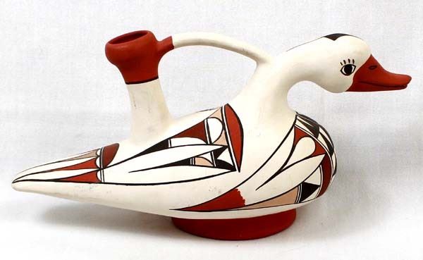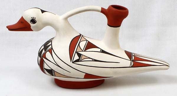 Native American Isleta Ceramic Pottery Goose by Ruby Lucero, measures 6'' x 12'' x 4'' and is signed on the bottom, some scuffing
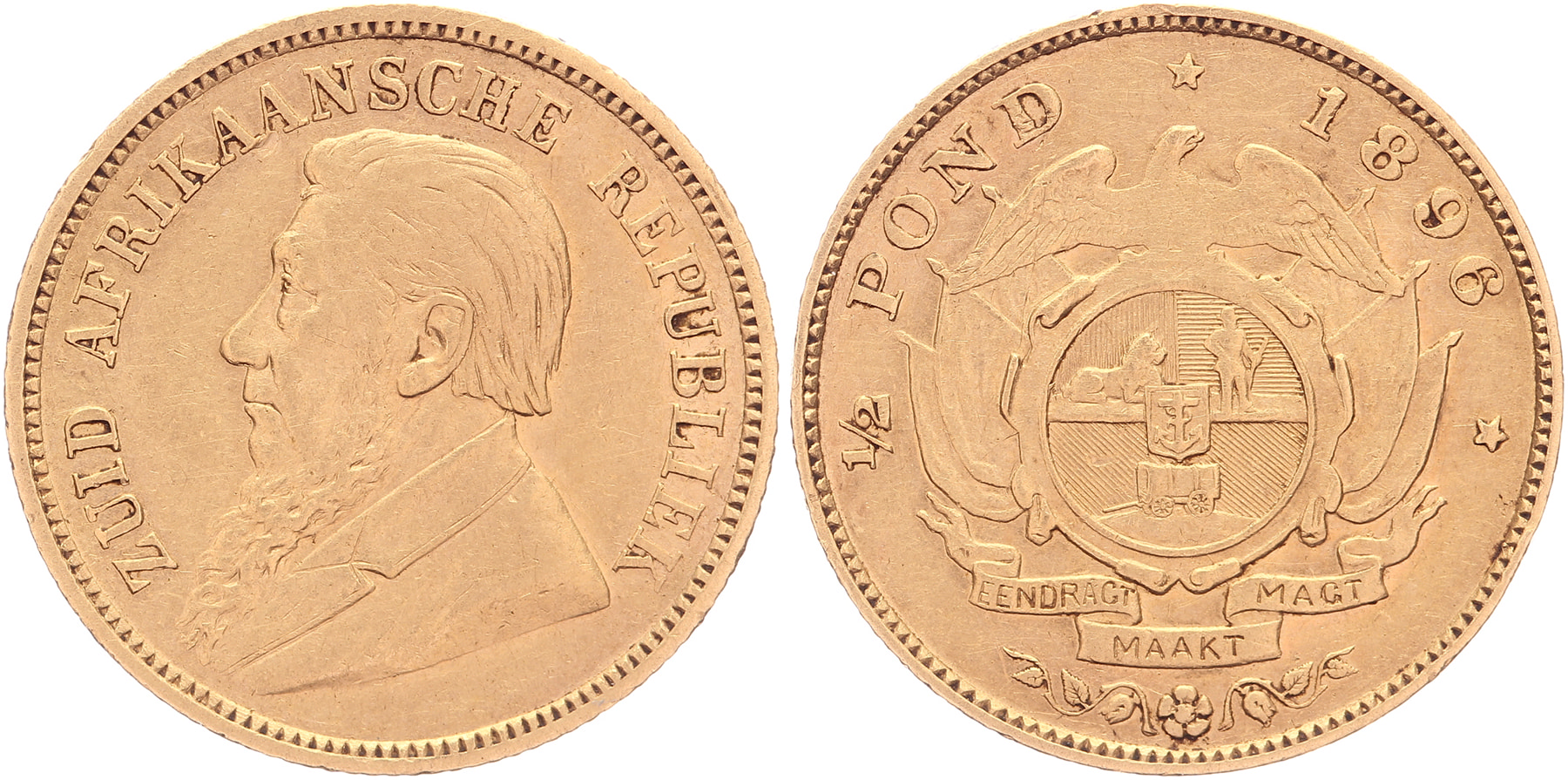 ½ Pond 1896 Kruger. Fr. 3; KM 9.2 [3,97 gr.]. Fine / Very Fine.
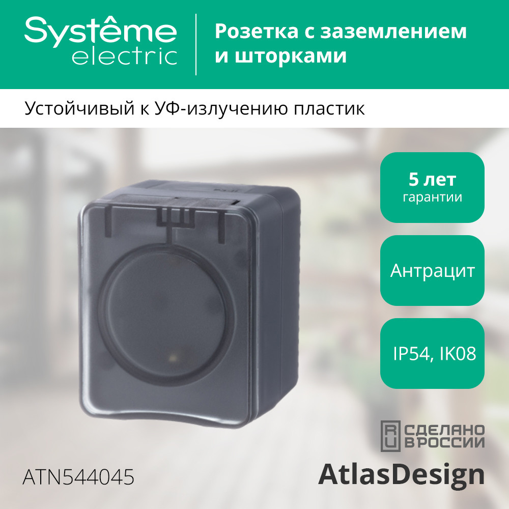 Розетка с заземлением со шторками для открытого монтажа, 16А, 250В.Степень защиты IP:54, Степень защиты IK: IK08. Продукция AtlasDesign Profi54 созданы специально для тех мест, где требуется повышенная защита от влаги и пыли. Уютная веранда в загородном доме, уличное кафе, любимый гараж или мастерская – выключатели и розетки будут обеспечивать надежную защиту и радовать глаз современным дизайном. Элегантный цвет антрацит гармонично впишется в любую обстановку.
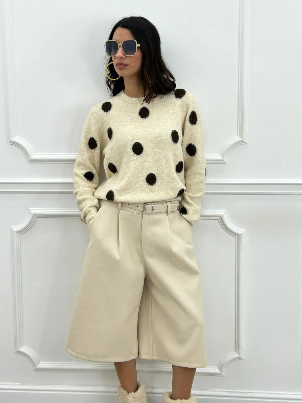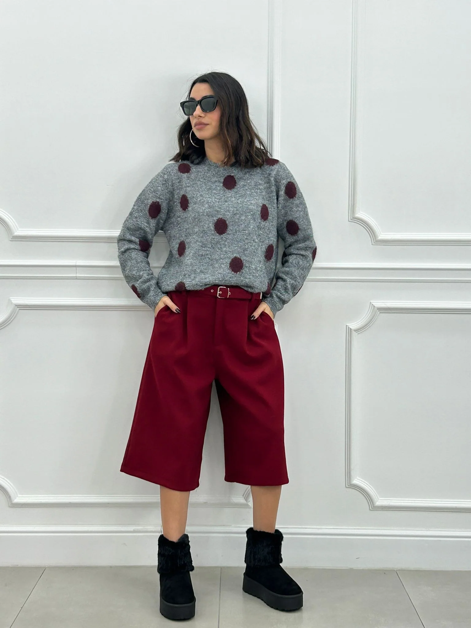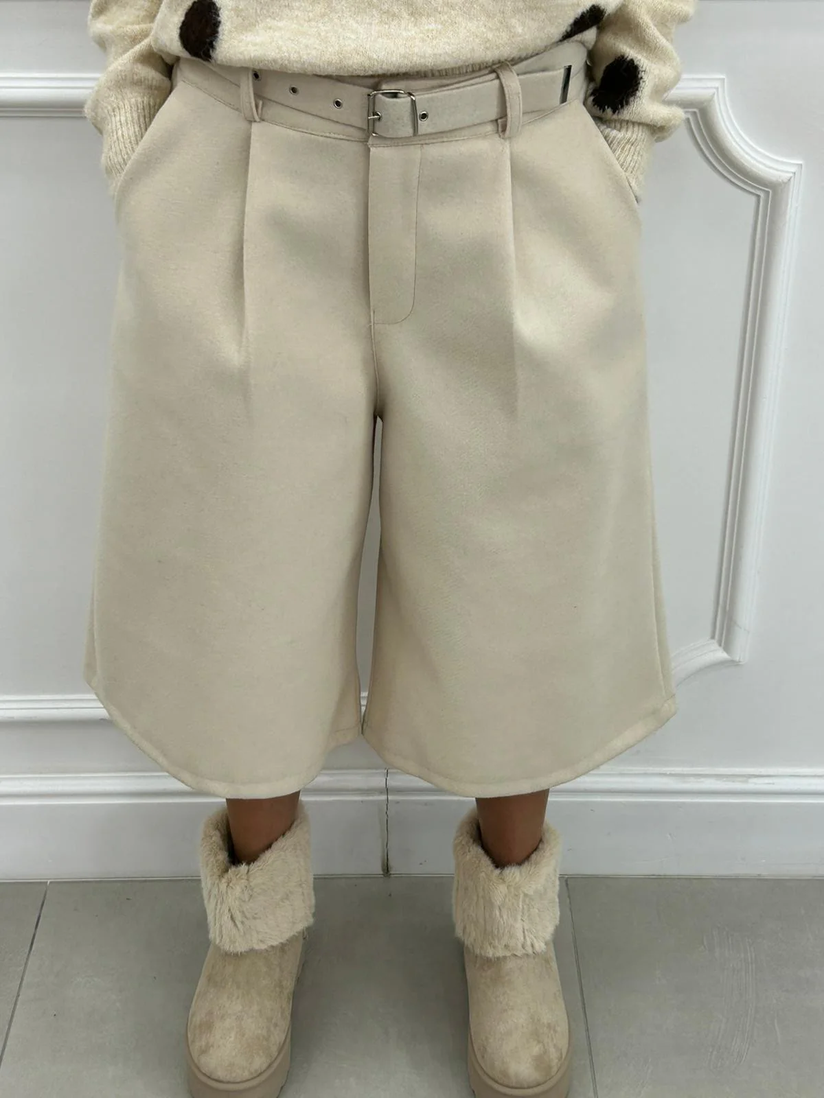Bermuda in panno con cintura e tasche ,elastico in vita
########################################
TASK DESCRIPTION: Exactly as given, set down each line of the material, but include no pictures.

ANSWER TO THE EXERCISE:
 Native American Isleta Ceramic Pottery Goose by Ruby Lucero, measures 6'' x 12'' x 4'' and is signed on the bottom, some scuffing
 ½ Pond 1896 Kruger. Fr. 3; KM 9.2 [3,97 gr.]. Fine / Very Fine.
 Розетка с заземлением со шторками для открытого монтажа, 16А, 250В.Степень защиты IP:54, Степень защиты IK: IK08. Продукция AtlasDesign Profi54 созданы специально для тех мест, где требуется повышенная защита от влаги и пыли. Уютная веранда в загородном доме, уличное кафе, любимый гараж или мастерская – выключатели и розетки будут обеспечивать надежную защиту и радовать глаз современным дизайном. Элегантный цвет антрацит гармонично впишется в любую обстановку.
Bermuda in panno con cintura e tasche ,elastico in vita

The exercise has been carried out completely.